The terrorist attack on students at a university college in Garissa, Kenya, shocked the world, for its brutality and senselessness. As in most cases in this age of overt terrorism, the terrorist’s religious ideology influenced their need to inflict as many casualties as possible.
Loss of life is irrelevant the more deaths the better, especially since they believe that non-believers deserve to die.
And where else is greater physical devastation more conceivable than in schools?
Herbert Arinaitwe, a criminologist in the Community Service Department of the ministry of Internal Affairs, believes that although schools should not be handled as an isolated case, they have a high propensity for attacks.
“Terrorism is about showing presence.
Terrorists believe that if they hit on a school, the impact will be felt more than if they attack a police station. The impact is far-reaching because schools have the numbers.”
In the wake of the murder of Senior Principal State Attorney, Joan Kagezi, Inspector General of Police, Gen Kale Kayihura, said that the Uganda Police were in receipt of credible information indicating that terrorist group al-Shabaab intends to attack school, colleges and universities along Jinja-Kampala highway.
He called for increased vigilance around schools, threatening sanctions against schools that fail in this regard.
Schools are a soft target because they are frequented by many people, assumed to be parents. Besides, students are drawn from all religious and social statuses, giving the terrorists mileage for their cause.
A serene quietness welcomes visitors to St Mary’s Boarding School Kitende, a few meters off Entebbe Road. It is 9am and as I stand at the guardhouse, I can hear teachers getting on with the first lesson.
I adjust my bag, in which I have placed two dresses, to make it look bigger. The guard does not give it a glance instead, as he looks outside the gate, he asks whom I want to see.
“You go to the office,” he says as I am still labouring to explain. As I walk up the steep incline, he walks out of the gate. I have not been checked, neither have I presented identification nor have I signed in the register.
Patrick Onyango, Kampala Metropolitan Police spokesman says that schools on highways are susceptible to attack because they are easily accessible than other schools.
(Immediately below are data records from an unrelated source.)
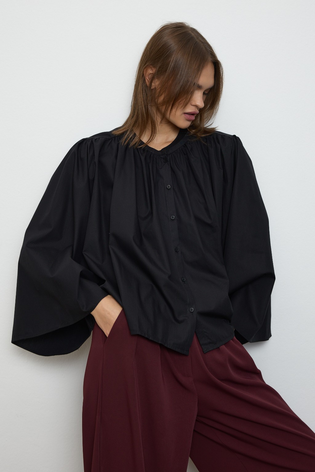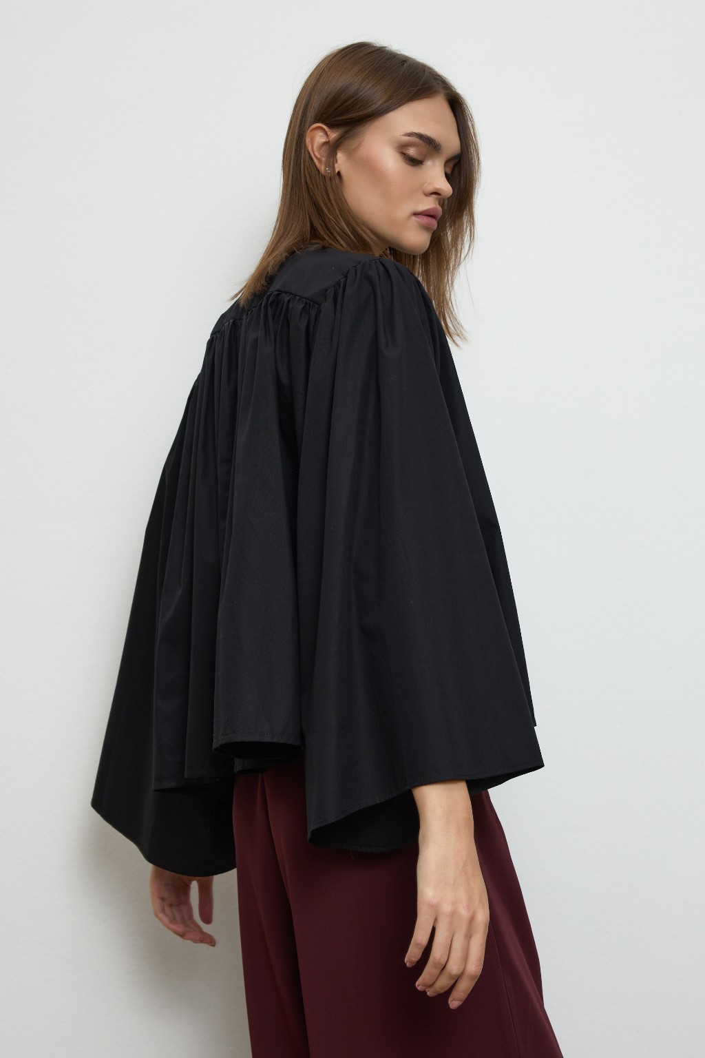 -Zarafetin ve rahatlığın buluştuğu bu özel tasarım, gardırobunuzun favorisi olmaya aday. %100 pamuklu dokusuyla gün boyu ferahlık sunarken, omuzlardaki biyeli detaylar ve geniş kollar modele hareket ve şıklık katıyor.
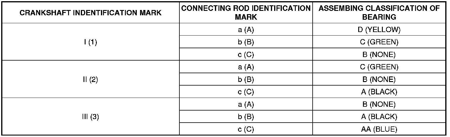 (6) If the Plastigage measures too wide or too narrow, remove the upper half of the bearing, install a new, complete bearing with the same color mark (select the color as shown in the next column), and recheck the clearance.
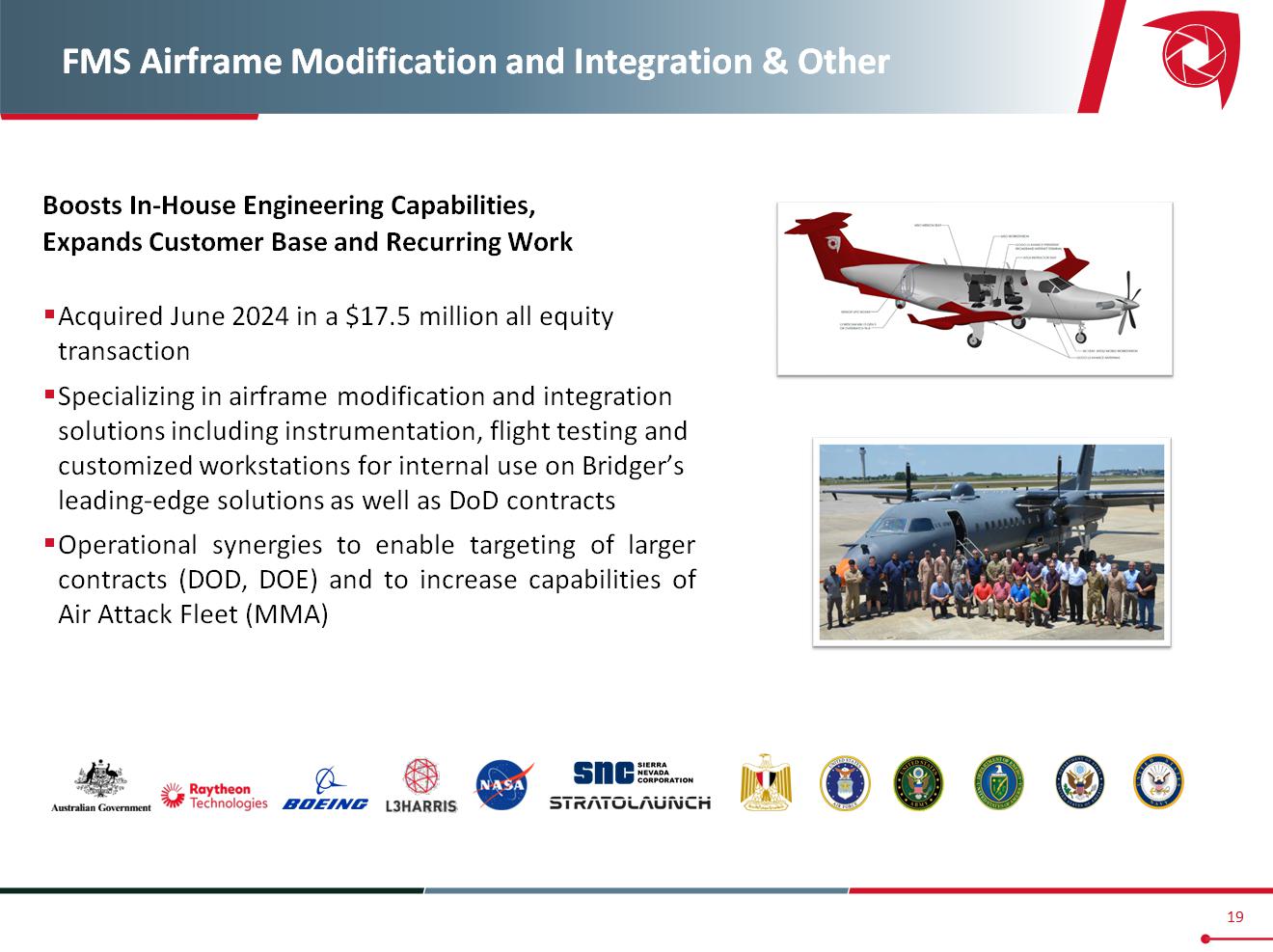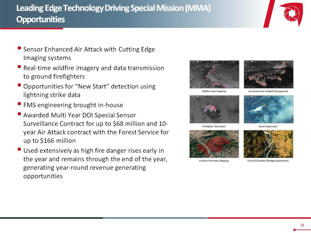 Leading Edge Technology Driving Special Mission (MMA) Opportunities 18 ▪ Sensor Enhanced Air Attack with Cutting Edge Imaging systems ▪ Real - time wildfire imagery and data transmission to ground firefighters ▪ Opportunities for “New Start” detection using lightning strike data ▪ FMS engineering brought in - house ▪ Awarded Multi Year DOI Special Sensor Surveillance Contract for up to $68 million and 10 - year Air Attack contract with the Forest Service for up to $166 million ▪ Used extensively as high fire danger rises early in the year and remains through the end of the year, generating year - round revenue generating opportunities
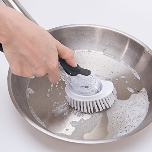 TOP GRADE BRISTLES : The exquisite bristles of the hydraulic dispense wash tools are high-density and very soft to touch the Dish Bowl Palm Pot, really one healthy and safe dish wash brush for kitchen daily use

“Village schools or those in the towns are in congested areas where any suspicious activity can easily be noticed. An added aantage is that on a highway, the roads are smoother and it is easier for the terrorists to get away quickly,” Onyango says.
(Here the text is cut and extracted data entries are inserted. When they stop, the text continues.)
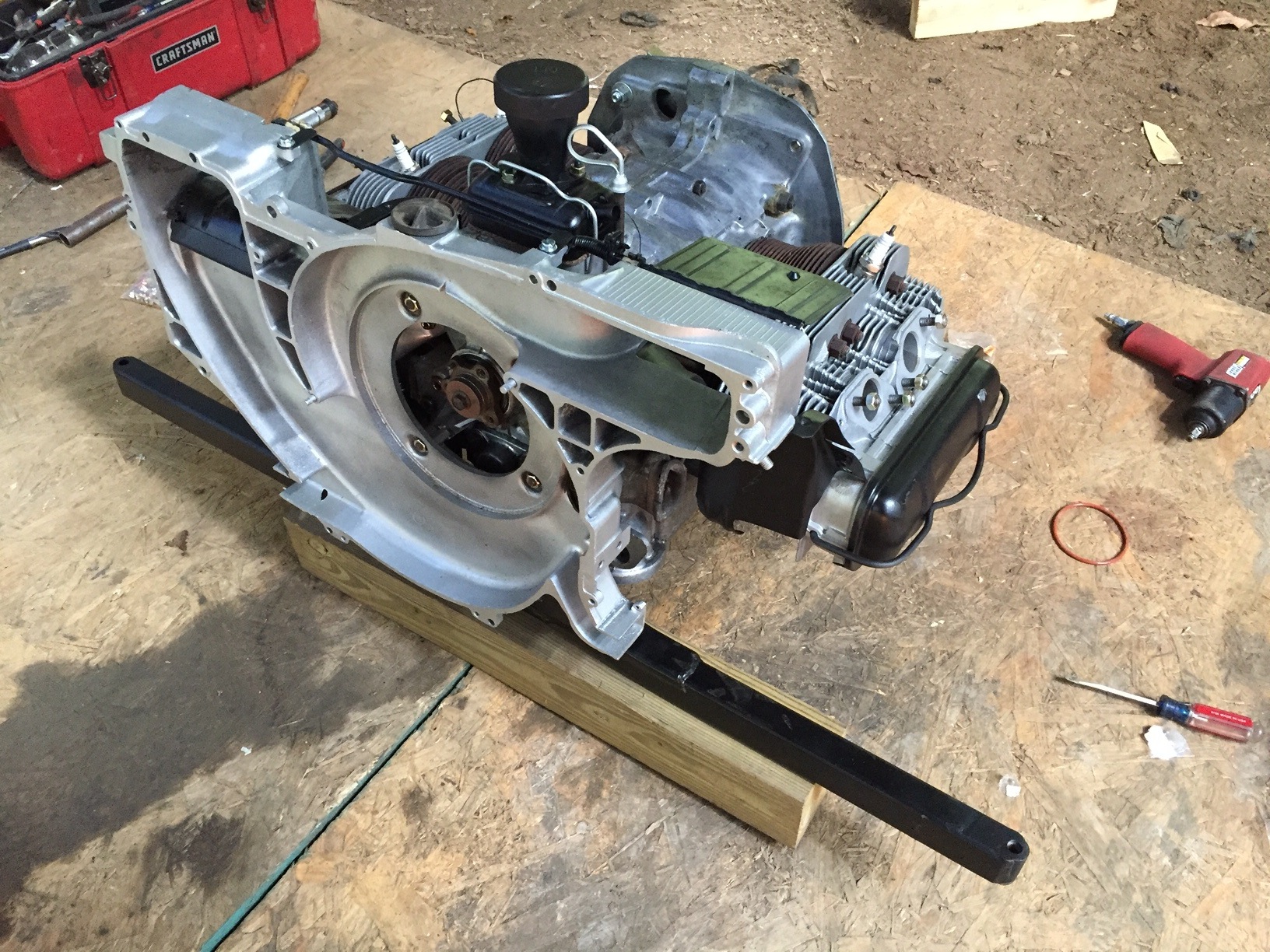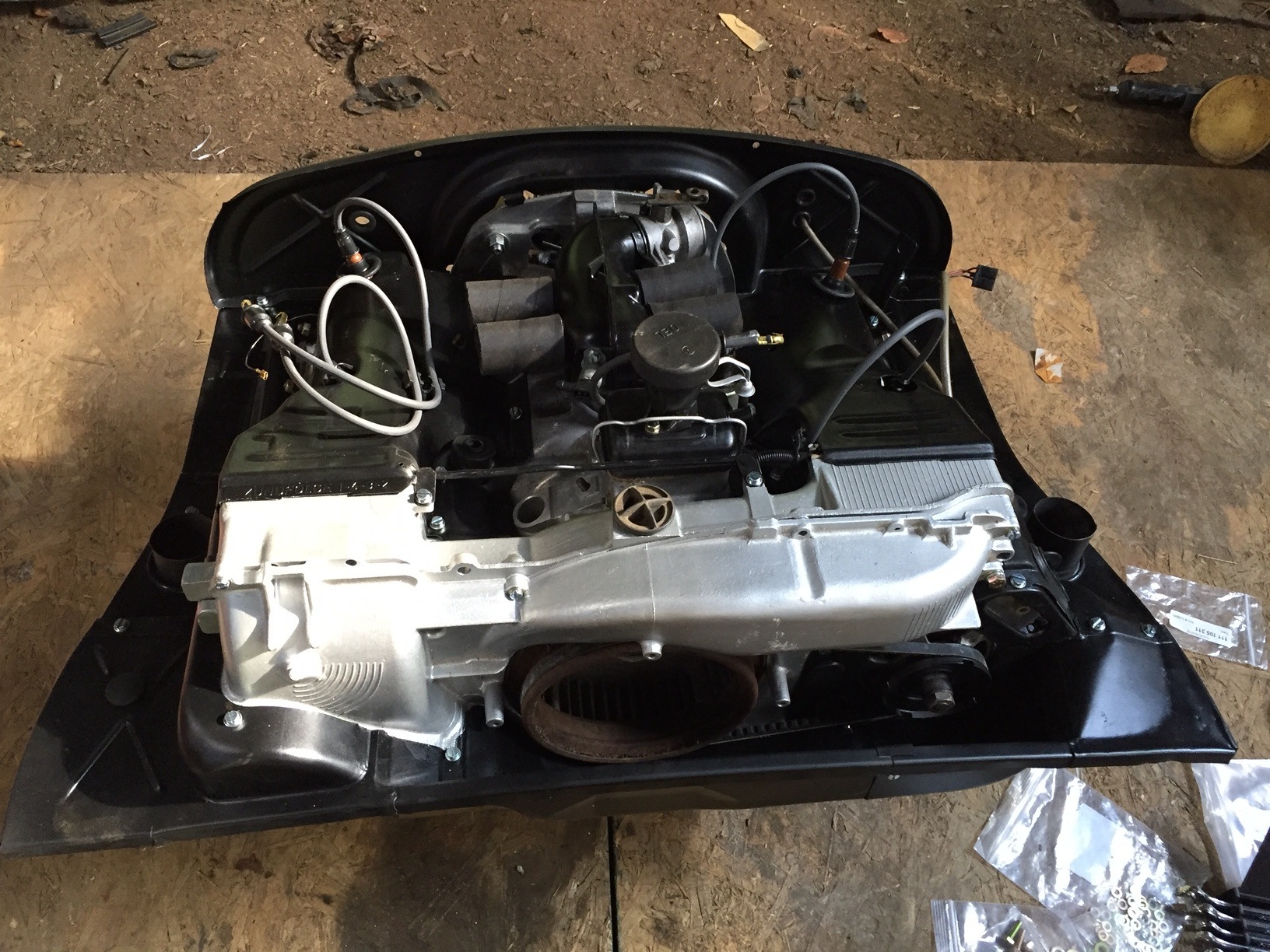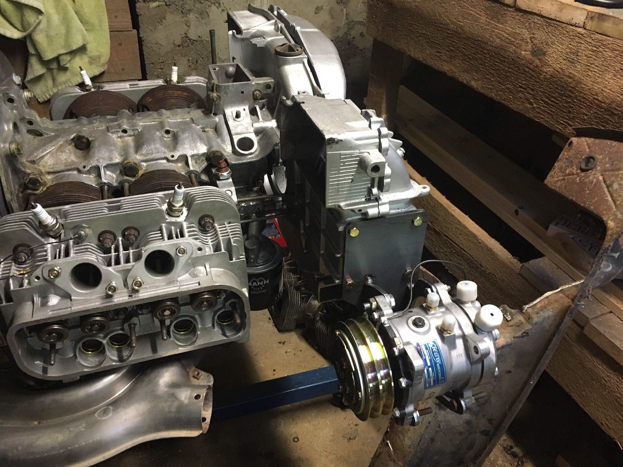Been working on a little side project for this car. I plan to really drive this car so I will eventually add A/C to it. I have been working on a way to mount the compressor without modifying the tin and while maintaining the stock" appearance from the top. I still have some mockup to do... install oil cooler, straighten the tin, engine mount bar,etc. but so far everything is looking good. Compressor will be rotated 90* from what the picture shows. I will loose heat on the passenger side but that's not the end of the world. I might still be able to duct the heater fan in the engine bay so I at least have defrost on that side. Stayed tuned... hoping it works.
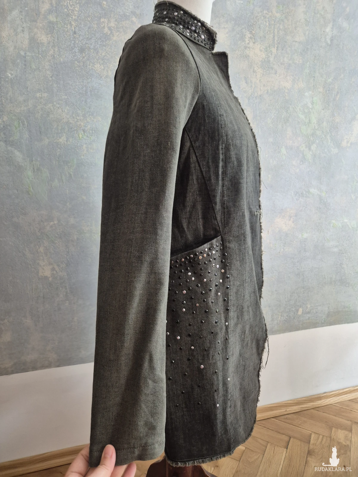 Włoska bawełniana lekko rozciągliwa kurtka frakowa -płaszczyk ,rozmiar 38 długość całości 85 cm długość rękawa 62 cm osoba na zdjęciu ma 159 cm kurtka ma po bokach dwie kieszenie, jest w  świetnym stanie polecam układa się fantastycznie Jest bardzo miękka,polecam
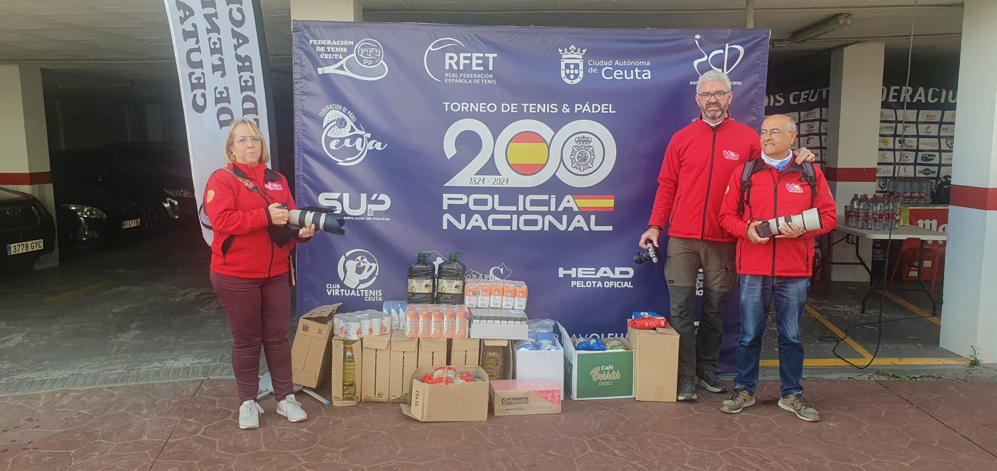 La asociación Fotógrafos Solidarios de Ceuta ha donado este sábado 500 kilos de alimentos no perecederos a la organización del Torneo de Tenis y Pádel del Bicentenario de la Policía Nacional, que viene celebrándose esta semana en las pista del Club Loma Margarita. Esta donación de Fotógrafos Solidarios se sumará a los alimentos recogidos durante la semana del torneo por todos los participantes, familiares, amigos y simpatizantes que han deseado hacerlo.

He adds that these schools, especially the private ones, are guarded by private security guards, who are trained in preventing attacks.
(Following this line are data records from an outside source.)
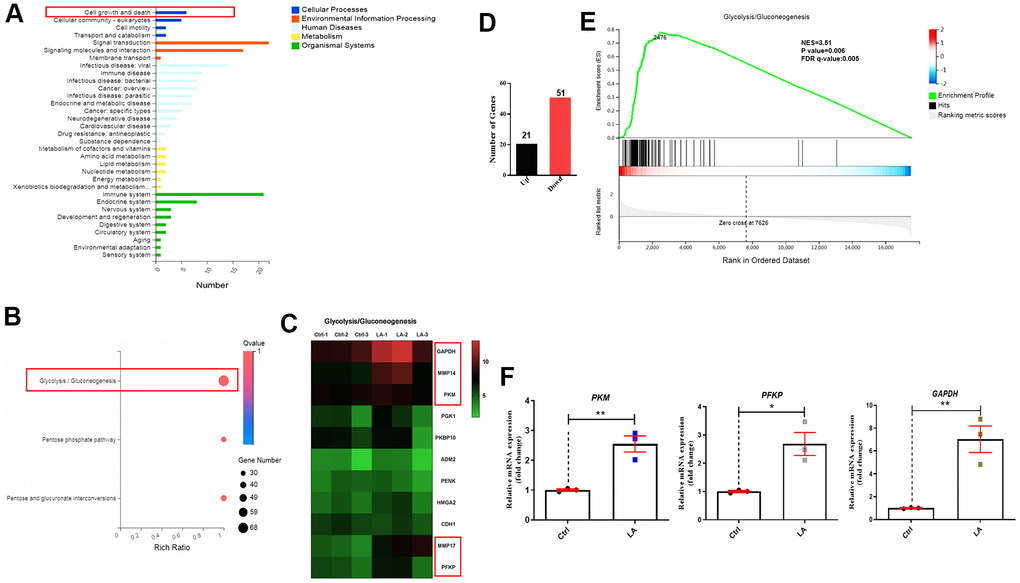 On the basis of RNA-seq to analyze the specific mechanism, a classification map of KEGG pathway analysis revealed that 4 signaling pathways related to cell growth and death were regulated by LA (25 μmol) (Figure 3A). Furthermore, a bubble diagram showed that glycolysis/gluconeogenesis signaling pathways were regulated by LA (Figure 3B) and a heatmap showed differentially expressed genes related to glycolysis/gluconeogenesis signaling pathways (Figure 3C). Heatmap analysis showed that the expressions of GAPDH, MMP14, PKM, MMP17, and PFKP genes, which are related to the glycolysis/gluconeogenesis signaling pathway, were upregulated in the LA group compared with the Ctrl group. Examination of differentially expressed genes revealed 21 upregulated genes and 51 downregulated genes in the LA -treated group compared with the Ctrl group (Figure 3D). Furthermore, gene set enrichment analysis (GSEA) of the differentially expressed genes revealed that LA treatment activated the glycolysis/gluconeogenesis signaling pathways (Figure 3E).
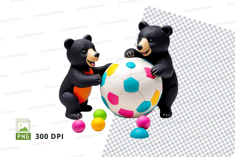 Cute cartoon bears playing with colorful ball clipart PNG example image 1
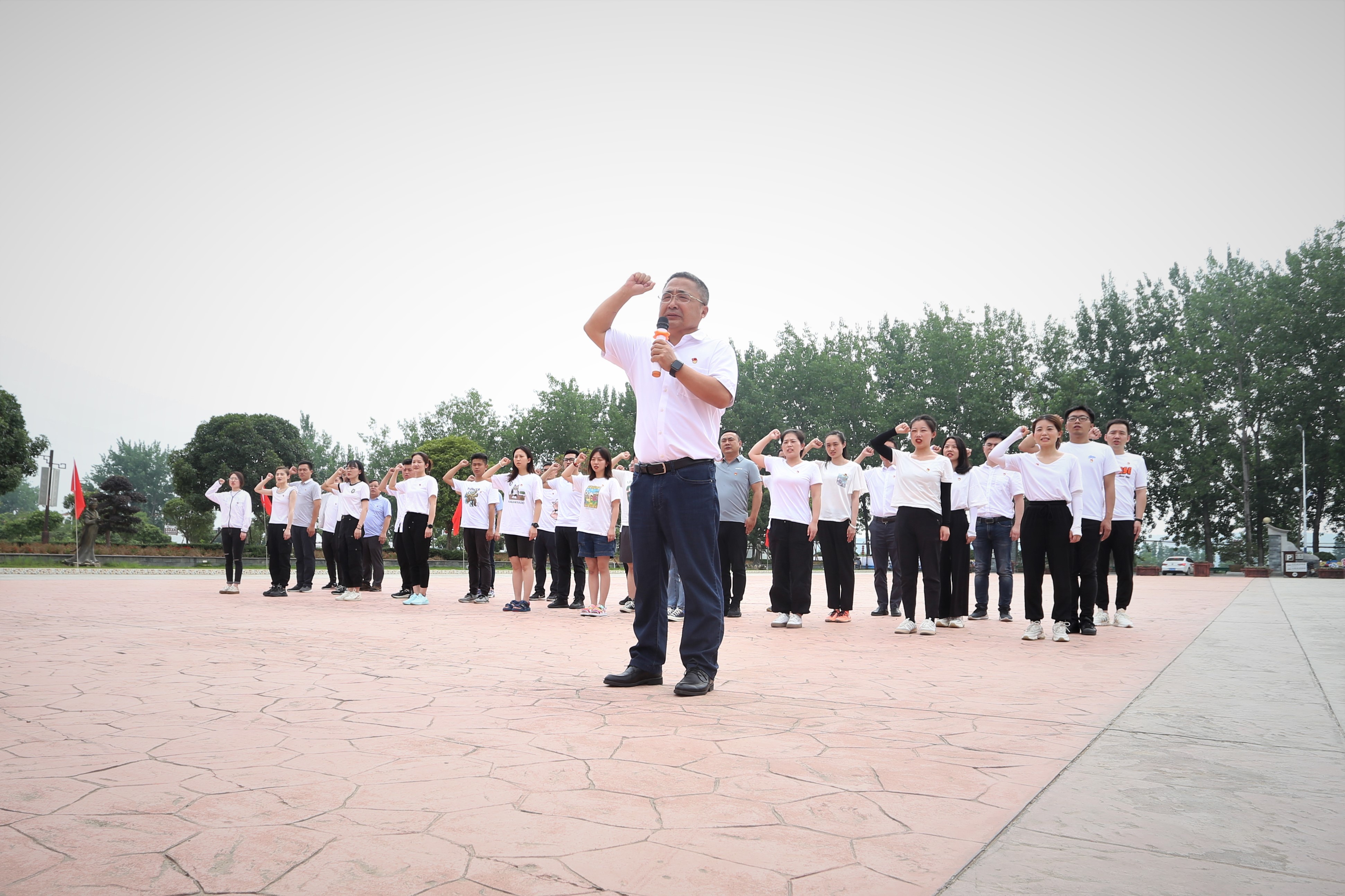 “我志愿加入中國共產黨,擁護黨的綱領,遵守黨的章程......”。公司黨總支副書記戚輝帶領全體黨員面向黨旗莊嚴宣誓,鏗鏘有力的宣誓聲在園區久久回蕩。

However, Arinaitwe insists that some of these schools are poorly guarded.
“The guards are not well trained and do not know that alertness and inbuilt suspicion is the first requirement when it comes to fighting terrorism.”
Teaming with the community
At Budo Junior School, there is a semblance of vigilance. There is a boda boda stage directly opposite the main gate.
Besides calling for customers, the boda boda riders visibly scrutinise every visitor to the school.
This falls in line with the police stance of deploying crime preventers.
“We are in the process of training individuals in communities around schools who can get information on the ground that they hand to police officers,” says Onyango.
This cannot be said for the small gate, which stands forlornly a few metres from the street level, devoid of any human activity.
At the main gate, besides the gateman, there is a policeman sitting in the guardhouse. In 2008, suspected arsonists attacked the school, torching a girl’s dormitory. Nineteen girls perished in the fire. The tragedy marked the start of school fires that have since damaged property, in various schools, worth millions of shillings.
I sign in the register and get directions to the administration block from the policeman, who remains firmly glued to his seat. The gateman pokes my bag playfully and asks what is in it.
He backs off when I tell him it contains “women” stuff, and continues fine tuning his radio.
Ernest Kavulu, the head teacher, says the school is doing everything possible to reduce the risks of an attack.
“Our guards are on high alert and monitor the movements of every visitor. People have been netted and put in custody for lying to the security personnel. They are vigilant when it comes to unfamiliar faces and uncoordinated movements.”
But herein lays the problem. Terrorists work in shadows they do not come out overtly.
Arinaitwe says that terrorists cooperate “with people who know the geographical location and loopholes of the places they intend to attack. It does not necessarily come down to suspicious faces. It could be a gardener, a cook or even a teacher.”
Onyango says the Uganda Police Force will offer training courses to upgrade the skills of security guards.
“We are encouraging them to perform searches on people entering their premises. They have to know the reason of the visit. In the training, we show them what bombs look like.”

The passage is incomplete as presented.